Es gab Schlachten an den Kraftwerksstandorten. Sehen Sie sich als Geburtshelfer der Grünen?Das ist dummes Zeug. Die Grünen sind keine deutsche Erfindung. Solche Parteien sind auch woanders entstanden, übrigens nicht überall gegen Kernkraftwerke. Die Grünen waren eine bürgerliche Jugendbewegung. Die kamen nicht aus der Arbeiterschaft.

Aber etwas alt geworden.Gott sei Dank. Selbst die jungen Leute werden erwachsen. Das hat mit Atomkraft eigentlich nichts zu tun. Es hat zu tun mit dem Aufbegehren der jungen Generation, die nicht zufrieden ist mit dem, was sie vorfindet. Das gibt es auf jedem Bauernhof, das ist ganz normal. Aber die Deutschen sind aufgrund ihrer Geschichte immer etwas anfälliger für Psychosen, für Angstpsychosen. Eine Zeit lang hatten alle Angst vor dem Waldsterben; dann hatten sie Angst vor dem Ende des Wachstums. Andere waren froh, dass es nun endlich aufhört mit dem Wachstum.

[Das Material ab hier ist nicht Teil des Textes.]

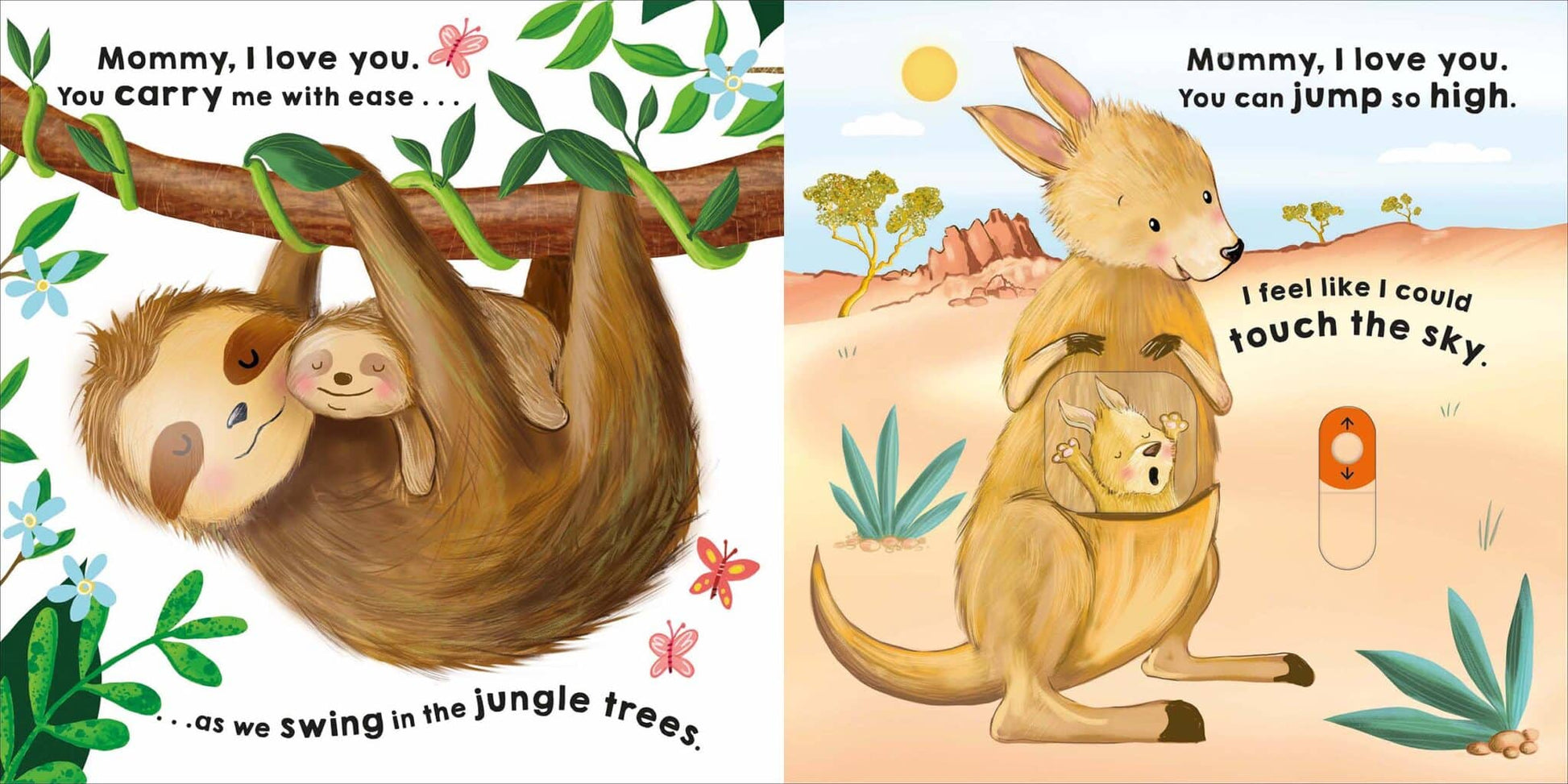 The gentle rhyming text highlights one of the reasons each animal baby loves its mommy. There is a novelty to explore on each page including wheels, pull tabs and sliders which bring the illustrations to life.
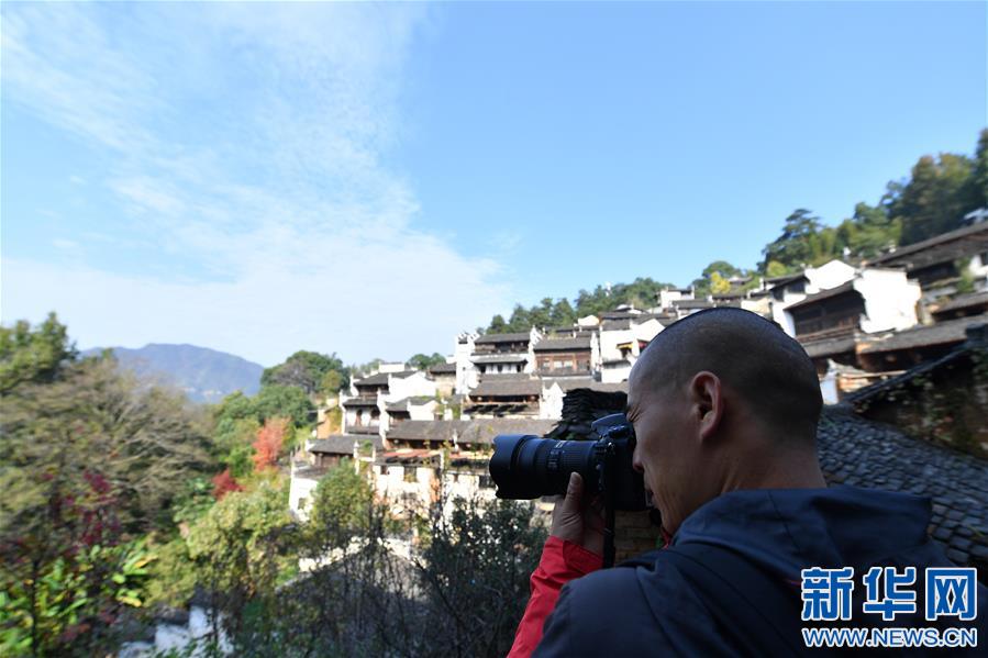 11月6日,乡村摄影师曹加祥在篁岭村采风。新华社记者胡晨欢摄
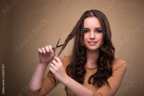 Obraz premium Beautiful woman with scissors cutting her hair
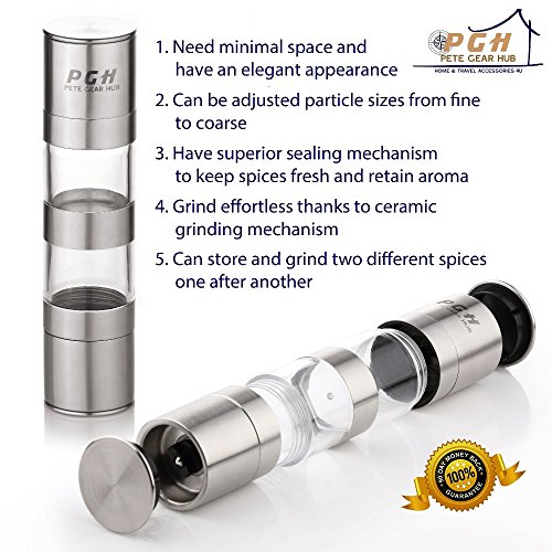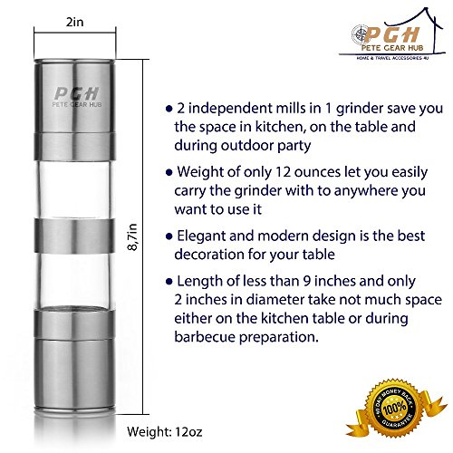SAVE KITCHEN SPACE. PGH salt and pepper grinder set is an excellent combo pepper mill accessory for your kitchen & dining area – the pepper grinder and salt shaker comes with two independent and adjustable grinders in a single unit and allows you to grind black pepper and salt efficiently & effortlessly

Ein großes innenpolitisches Versäumnis der letzten 40 Jahre ist die Reaktion auf den demografischen Wandel. Woran liegt das?In der erwähnten Vorstandsklausur von 1975 redet der Schmidt auch vom Pillenknick (nimmt wieder das Protokoll zur Hand), „der in seinen gesamtökonomischen Auswirkungen jetzt deutlich erkennbar wird. Der Bevölkerungszuwachs nimmt ab, die Gesamtbevölkerung nimmt ab, die Erwerbsbevölkerung wird überproportional abnehmen, und die Rentnerbevölkerung wird zunehmen“. Das heißt, man hat alles damals schon gesehen, was sich erst im Lauf der nächsten Jahrzehnte im öffentlichen Bewusstsein mitteilt. Allerdings stand das damals auch nicht so in der öffentlichen Regierungserklärung.